## Recorded information
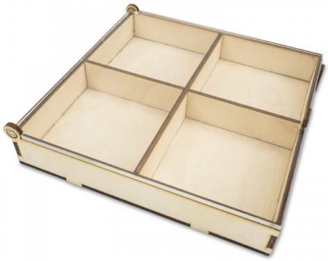 Deku – Pudełko zamykane przezroczystym akrylowym wiekiem– 14x14x2,5 cm 577008 Pudełko wykonane ze sklejki brzozowej o grubości 3 mm. Zamykane przezroczystym wiekiem wykonanym z akrylu, dzięki czemu przedmiot jest w całości widoczny. W środku posiada przegrody dzielące je wewnątrz na 4 części. …
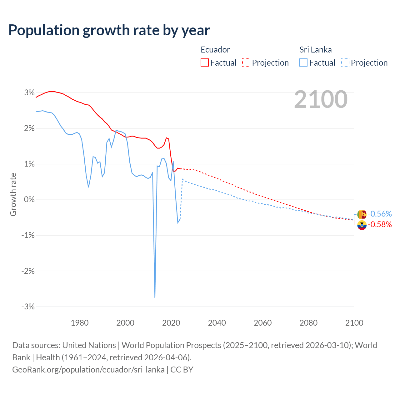 - For the last 10 years, Ecuador has had an average growth rate of +1.26% per year vs +0.57% in Sri Lanka.
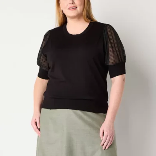 Liz Claiborne Plus Womens Round Neck Short Sleeve Pullover Sweater
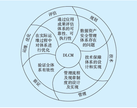 上述目標必須納入數據資產安全管理體系中,在職責明確、分級明晰的框架指導下,才能最大程度地發揮其約束作用。尤其是,要做到數據資產的安全管理,必須在數據分類分級機制、數據全生命周期管理(Data Life Cycle Management,DLCM)、數據使用授權體系規范管理的前提下,由相關人員在權限范圍內對數據進行訪問及提取應用,其整體構成如
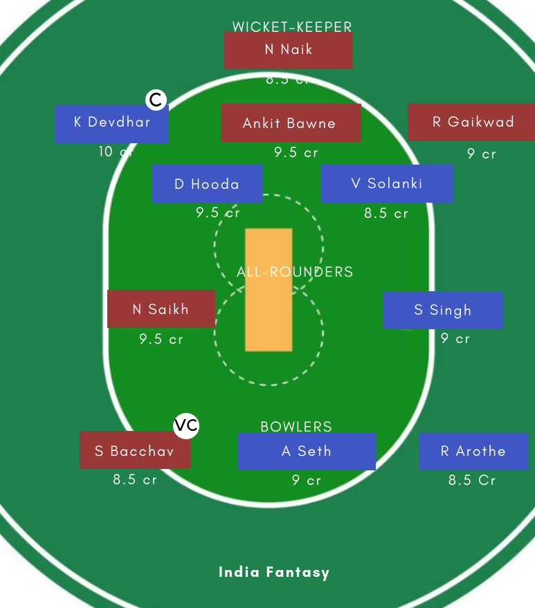 Batsmen- Kedar Devdhar (c), Vishnu Solanki, Deepak Hooda,
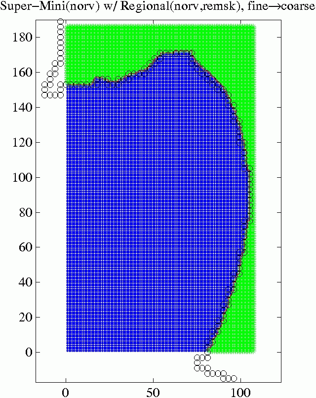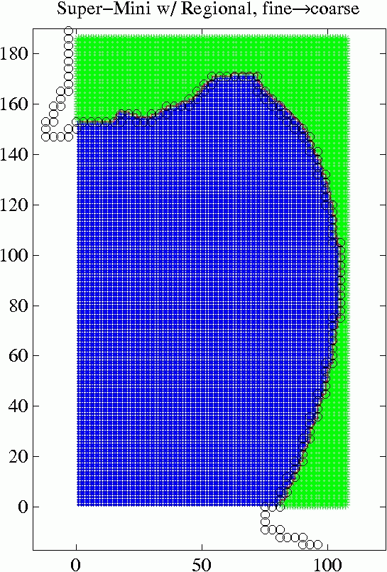 The following is an example of why it would be more efficient to mask nested domains simultaneously. The mask on the left shows sharp turns into the open water immediately outside of the nested sub-domain. The mask on the right retreats these turns one grid-point away.

## What to do
Could the listing above be transcribed exactly, with the pictures left out?

## Task response
 Deku – Pudełko zamykane przezroczystym akrylowym wiekiem– 14x14x2,5 cm 577008 Pudełko wykonane ze sklejki brzozowej o grubości 3 mm. Zamykane przezroczystym wiekiem wykonanym z akrylu, dzięki czemu przedmiot jest w całości widoczny. W środku posiada przegrody dzielące je wewnątrz na 4 części. …
 - For the last 10 years, Ecuador has had an average growth rate of +1.26% per year vs +0.57% in Sri Lanka.
 Liz Claiborne Plus Womens Round Neck Short Sleeve Pullover Sweater
 上述目標必須納入數據資產安全管理體系中,在職責明確、分級明晰的框架指導下,才能最大程度地發揮其約束作用。尤其是,要做到數據資產的安全管理,必須在數據分類分級機制、數據全生命周期管理(Data Life Cycle Management,DLCM)、數據使用授權體系規范管理的前提下,由相關人員在權限范圍內對數據進行訪問及提取應用,其整體構成如
 Batsmen- Kedar Devdhar (c), Vishnu Solanki, Deepak Hooda,
 The following is an example of why it would be more efficient to mask nested domains simultaneously. The mask on the left shows sharp turns into the open water immediately outside of the nested sub-domain. The mask on the right retreats these turns one grid-point away.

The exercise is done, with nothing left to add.